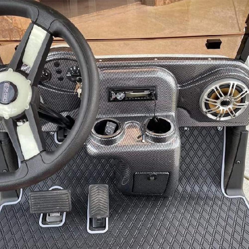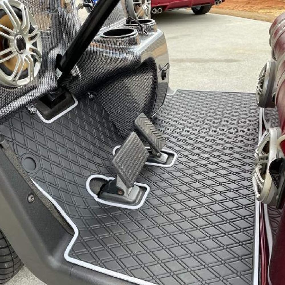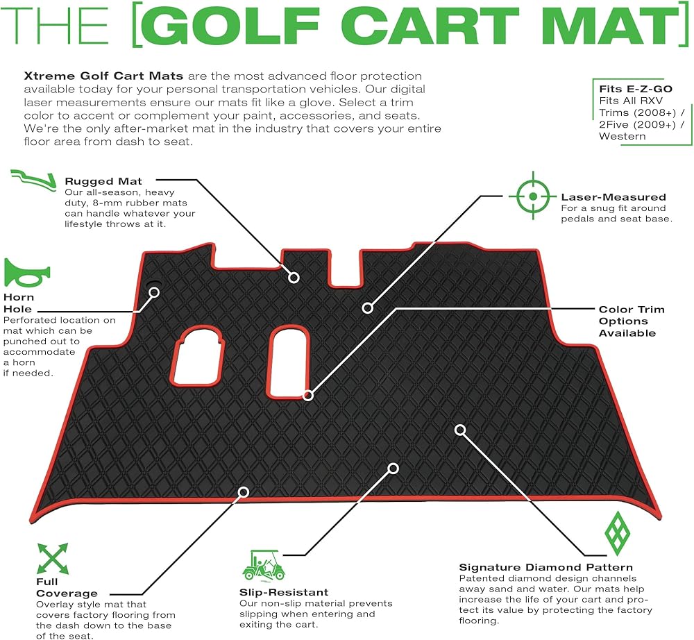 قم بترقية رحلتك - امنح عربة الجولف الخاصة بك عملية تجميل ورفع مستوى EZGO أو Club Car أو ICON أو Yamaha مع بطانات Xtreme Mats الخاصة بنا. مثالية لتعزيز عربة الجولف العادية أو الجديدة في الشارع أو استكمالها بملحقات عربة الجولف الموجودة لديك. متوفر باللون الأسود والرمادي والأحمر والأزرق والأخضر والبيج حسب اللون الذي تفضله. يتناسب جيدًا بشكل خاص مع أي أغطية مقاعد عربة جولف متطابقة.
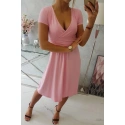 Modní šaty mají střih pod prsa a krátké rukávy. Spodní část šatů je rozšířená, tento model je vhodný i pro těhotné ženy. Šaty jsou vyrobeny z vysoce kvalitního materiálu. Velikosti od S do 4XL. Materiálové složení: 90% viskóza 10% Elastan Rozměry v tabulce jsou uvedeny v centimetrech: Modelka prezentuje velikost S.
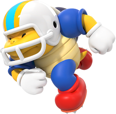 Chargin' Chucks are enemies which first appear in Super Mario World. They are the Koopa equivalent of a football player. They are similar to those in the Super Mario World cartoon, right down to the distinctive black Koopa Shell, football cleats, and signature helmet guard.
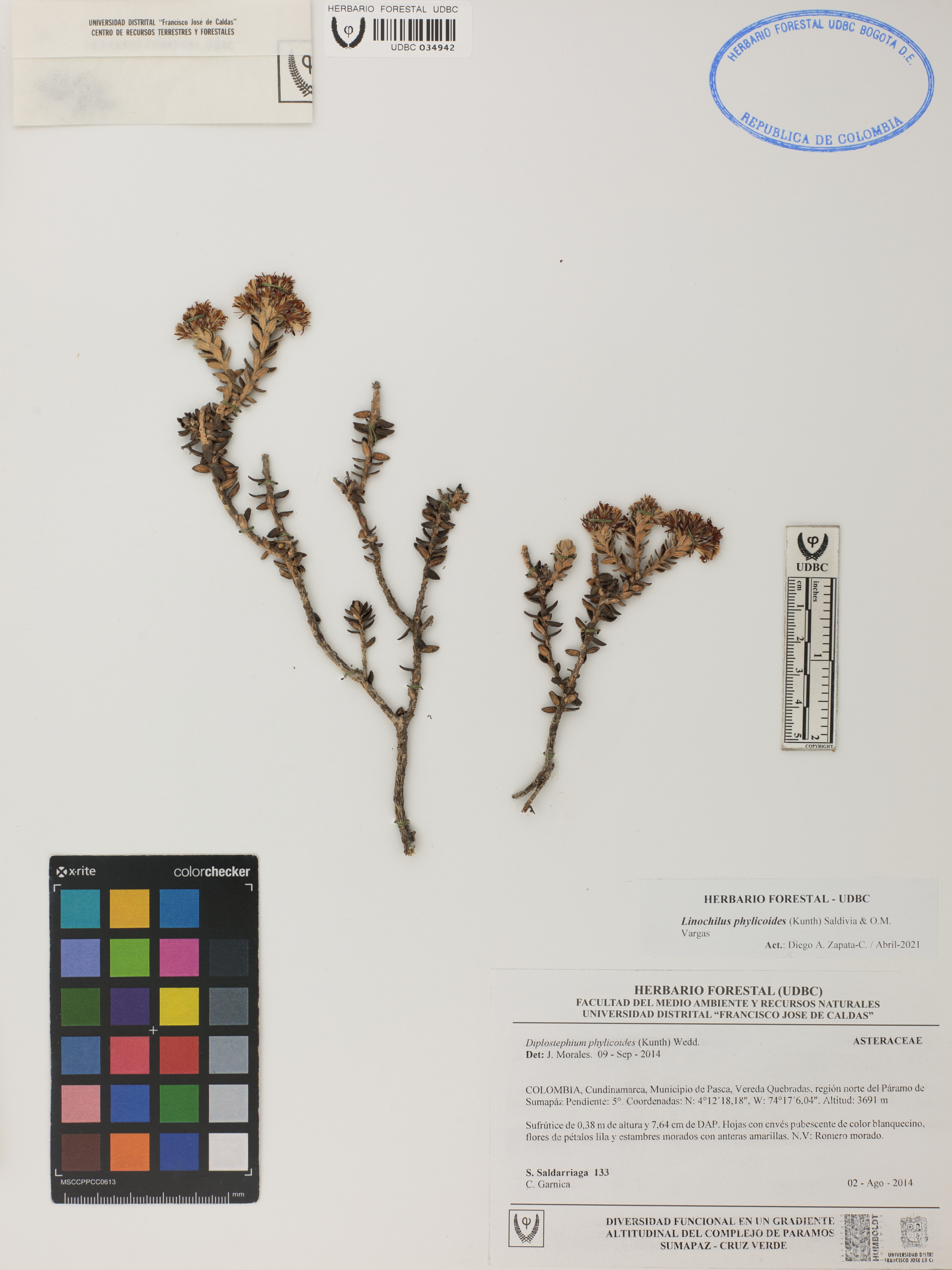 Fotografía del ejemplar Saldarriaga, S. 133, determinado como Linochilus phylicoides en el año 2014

§ REQUIRED WORK
Once the pictures are set aside, give the rest of the material again unchanged.

§ FINISHED TASK
 قم بترقية رحلتك - امنح عربة الجولف الخاصة بك عملية تجميل ورفع مستوى EZGO أو Club Car أو ICON أو Yamaha مع بطانات Xtreme Mats الخاصة بنا. مثالية لتعزيز عربة الجولف العادية أو الجديدة في الشارع أو استكمالها بملحقات عربة الجولف الموجودة لديك. متوفر باللون الأسود والرمادي والأحمر والأزرق والأخضر والبيج حسب اللون الذي تفضله. يتناسب جيدًا بشكل خاص مع أي أغطية مقاعد عربة جولف متطابقة.
 Modní šaty mají střih pod prsa a krátké rukávy. Spodní část šatů je rozšířená, tento model je vhodný i pro těhotné ženy. Šaty jsou vyrobeny z vysoce kvalitního materiálu. Velikosti od S do 4XL. Materiálové složení: 90% viskóza 10% Elastan Rozměry v tabulce jsou uvedeny v centimetrech: Modelka prezentuje velikost S.
 Chargin' Chucks are enemies which first appear in Super Mario World. They are the Koopa equivalent of a football player. They are similar to those in the Super Mario World cartoon, right down to the distinctive black Koopa Shell, football cleats, and signature helmet guard.
 Fotografía del ejemplar Saldarriaga, S. 133, determinado como Linochilus phylicoides en el año 2014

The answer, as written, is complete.